The eeriest puzzle in the Hermit Kingdom just north of here is not where it hides its nukes, but where it hides its disabled people.

The only time I was allowed into North Korea, years ago, I couldn't find anyone in a wheelchair, on crutches or missing a hand. North Koreans kept insisting there were no disabled people in Pyongyang, the clean and lovely capital of which North Korea is justifiably proud.

''Any handicapped people have voluntarily moved to other parts of our country,'' one official said. Right. The darker explanation is that North Korea systematically exiles mentally retarded and disabled people from the capital, so as not to mar its beauty.



What is it that Director-General Chan failed to notice?



Chan spent most of her brief visit in Pyongyang, and she said that from what she had seen there most people had the same height and weight as Asians in other countries, while there were no signs of the obesity emerging in some parts of Asia.

Ahem:


One study of North Korean refugees compared to South Koreans of the same age found that South Korean young men were 2.3 inches taller than their North Korean counterparts, while the gap among young women was 2.6 inches. Meanwhile, among non-refugee boys and girls living in both countries between the ages of one and a half and six and a half, a separate study found that the height gap was around three inches (varying slightly by age and gender); between six and a half and seven and a half, the height gap was 4.9 inches for girls and five inches for boys.

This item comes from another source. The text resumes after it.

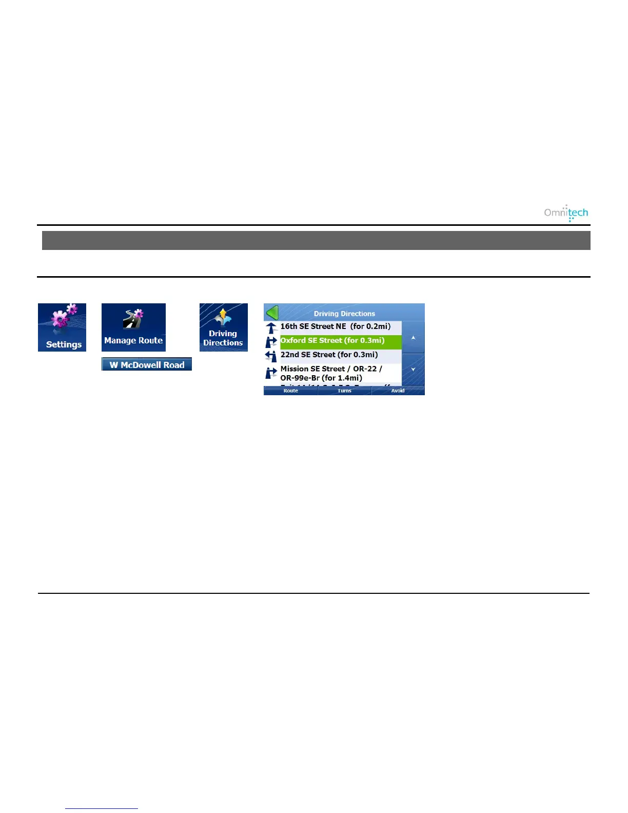 Omnitech 16877-CA - 9 Additional Destinator Features; Driving Directions

General-Director Chan notes there is no obesity in a country with mass starvation. Thank God somebody is being vigilant.



General-Director Chan neglected this:


Recently, infectious diseases have been spreading throughout North Korean regions with North Korean authorities in a state of emergency, sources informed.

A source revealed in a phone conversation with the DailyNK on the 15th “There are 4 different diseases spreading throughout North Korea. Scarlet fever, typhoid, paratyphoid and typhus fever” and…the number of deaths caused by the diseases had not yet been released.

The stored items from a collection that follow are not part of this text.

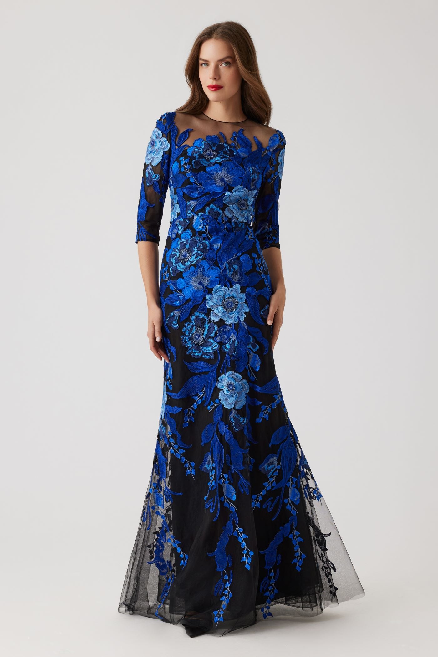 Floral Embroidered Tulle Gown in Blue Multi by Teri Jon.
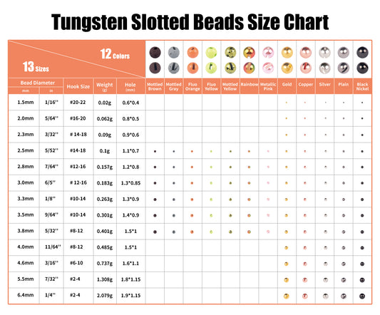 MUUNN Tungsten Fly Tying Slotted Bead Kit,120/240pcs Colorful 2.5-3.8mm,Trout Perch Fishing Hooks Tying Accessories Rainbow Orange
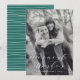 Envía a tus amigos y familiares una elegante tarjeta de fotografía de las fiestas en esta temporada. La elegante tarjeta de fotografía de las fiestas presenta las palabras "Los mejores deseos" en una superposición de fuente de escritura elegante, marcadores de posición de fotografía y texto, y un diseño de rayas verdes y blancas en el reverso.

What the article does mention is how, thanks to foreign aid, North Korea appears to be a model for developing nations to follow:


But Chan praised a joint project between North and South Korea to improve women's and children's health, which she said was promoting dialogue and trust between the two rivals.

Last month, the WHO said North Korea has reduced deaths from surgery and among women in childbirth under the South Korea-funded program.


Concerning maternal health and women's rights in North Korea:


Defectors report that many prisoners have died from torture, starvation, disease, exposure, or a combination of these causes. North Korean officials reportedly prohibited live births in prison, and forced abortions were performed. The regime controlled many aspects of citizens' lives, denying freedom of speech, religion, the press, assembly, and association. A number of repatriated North Koreans faced severe punishment upon their return, including possible execution. The regime also severely restricted freedom of movement and worker rights. There were widespread NGO reports of North Korean women and girls being trafficked in China.


The WHO's trip to North Korea is nothing more than self-serving window-dressing. The pretense of concern is laughable. The compliments are undeserved. Why would a country whose dictator controls every movement made by its slave population be enviable? How does a starving population even compare to a well-fed nation where diseases don't wipe out villages? If all one can comment on the number of physicians but not the problems they face due to tyranny, then what was the point of even going to North Korea?